吸い込まれるようにフィルバートの顔を見つめていると、不意に視界の端に何かが動くのが映った。最初にフィルバートが切り捨てた暗殺者が、最後の力を振り絞るようにして動いている。その手が投擲(とうてき)用の小刀を握っているのを見て、無意識に身体が動いていた。
「危ないッ!」
フィルバートの肩を掴んで、自身の後方へと押しのける。同時に暗殺者が投げた小刀が、ニアの頬を掠めて飛んでいった。
すぐさま状況を把握したフィルバートは、倒れた暗殺者に近付くとすぐさまその心臓を突き刺してトドメをさした。その淡々とした動作を眺めていると、不意にくらりと眩暈が走るのを感じた。
ぐらぐらと膝が揺れて、呼吸が勝手に早くなっていく。
「ニア・ブラウン?」
こちらを見たフィルバートが怪訝に眉を顰める。何か答えようとしても、咽喉が窄まっていて喋ることができなかった。
ヒュウッと咽喉が妙な音を鳴らすのと同時に膝から力が抜けて、ニアはその場に倒れ込んだ。仰向けになったまま小刻みに痙攣するニアを眺めて、フィルバートが忌々しげに呟く。
「剣に毒が塗られていたのか」
その声が、ひどく遠く聞こえる。目の前の光景が、まるで太陽の逆光でも当たったようにチカチカと点滅している。全身が燃えるように熱いのに、指先から体温が急速に抜けていくのを感じた。

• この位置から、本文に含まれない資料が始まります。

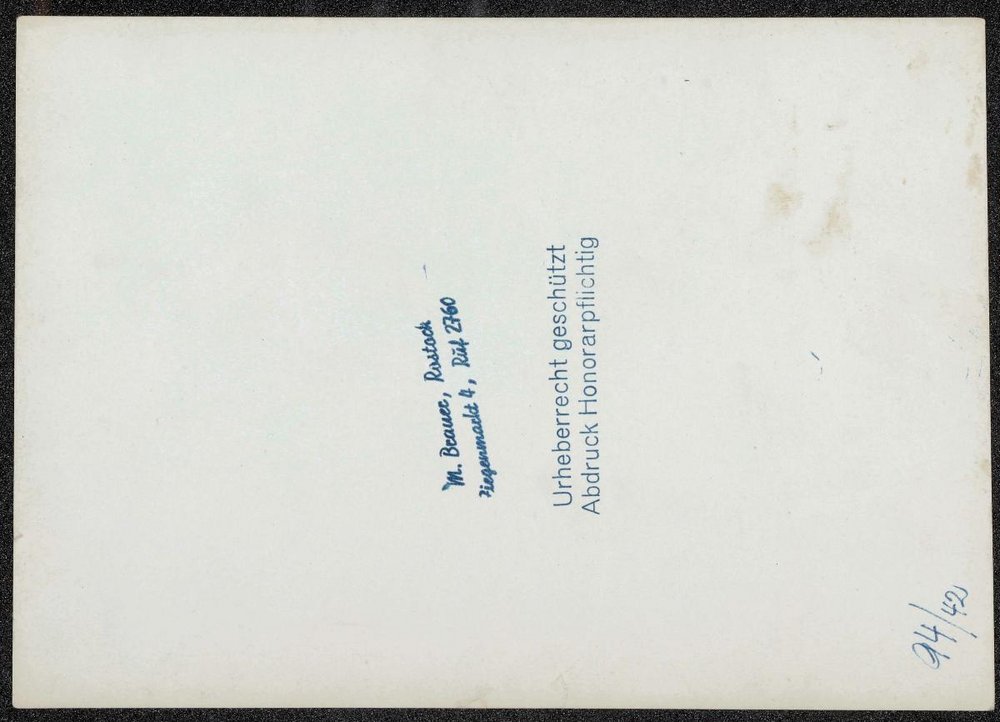 Fotografie: Margarete Brauer, Rostock. Neg I 228/37, 38

――死ぬ。死ぬのか。せっかく過去に戻ったのに、こんなところで死んでしまうのか。まだ、何も守れていないのに……
後悔と未練に、胸が引き裂かれる。
目蓋がひどく重たくて、もう目を開けていることもできなかった。塗り潰されたような暗闇の中、藻掻くように宙へと手を伸ばす。その手が、誰かに掴まれるのを感じた。
「死にたくないか」
訊ねてくる声に、震える手で硬い掌をキツく握り返した。
「そうか」
ただの相槌のような、呆気なく答える声が聞こえた。
そして意識が完全に消える直前、唇に柔らかいものが触れて、咥内に何かとろとろとした液体が流れ込んでくるのを感じた。
「飲み込め」
命じる声が聞こえて、再び咥内に液体が流し込まれてくる。大半は口の端から零れていってしまったが、それでもわずかな液体が咽喉を通っていくのを感じた。何度も繰り返し、液体が口の中に注がれてくる。
次第に、冷え切っていた体内がじわじわと温まっていくのを感じた。まるで湯たんぽに包まれたみたいに、ほっと安らいだ心地で満たされていく。

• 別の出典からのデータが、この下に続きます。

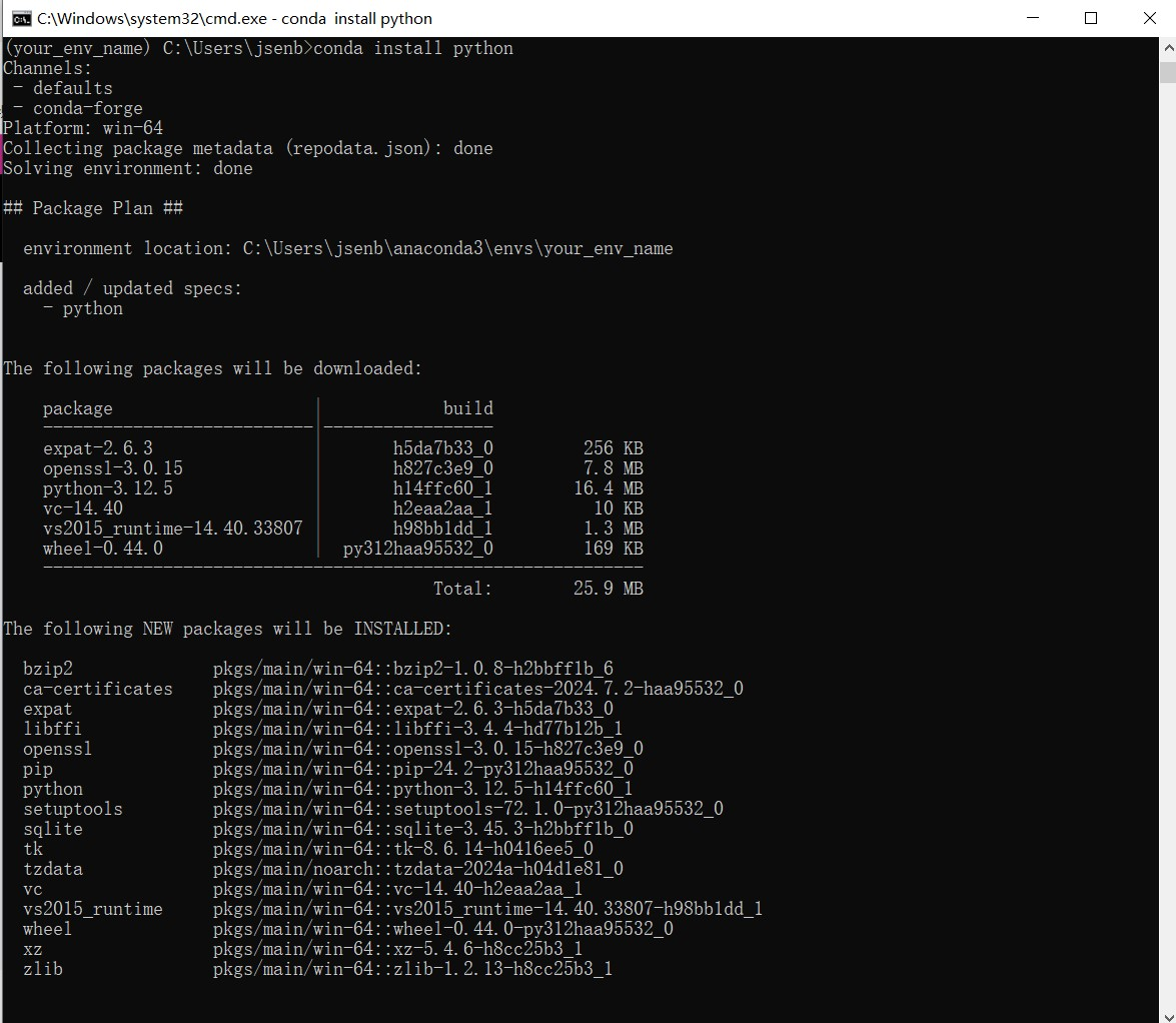 可以指定Python版本:conda install python=3.10,如果不指定,则安装最新版本。

はぁ、と淡く息を吐き出すと、再び唇に柔らかいものが押し当てられた。そのぬくもりが心地よくて、ニアは無意識に口元を緩めていた。ふにゃふにゃと子供みたいな笑みを浮かべていると、頭上から小さな笑い声が聞こえてくる。
誰の笑い声だろうか。ぼんやりと考えながら、ニアはゆっくりと目蓋を開いた。だが、次の瞬間、至近距離に見えた顔にカッと目を見開く。
目の前に、フィルバートの顔があった。唇が触れるような距離、というかもう完全に唇が触れている。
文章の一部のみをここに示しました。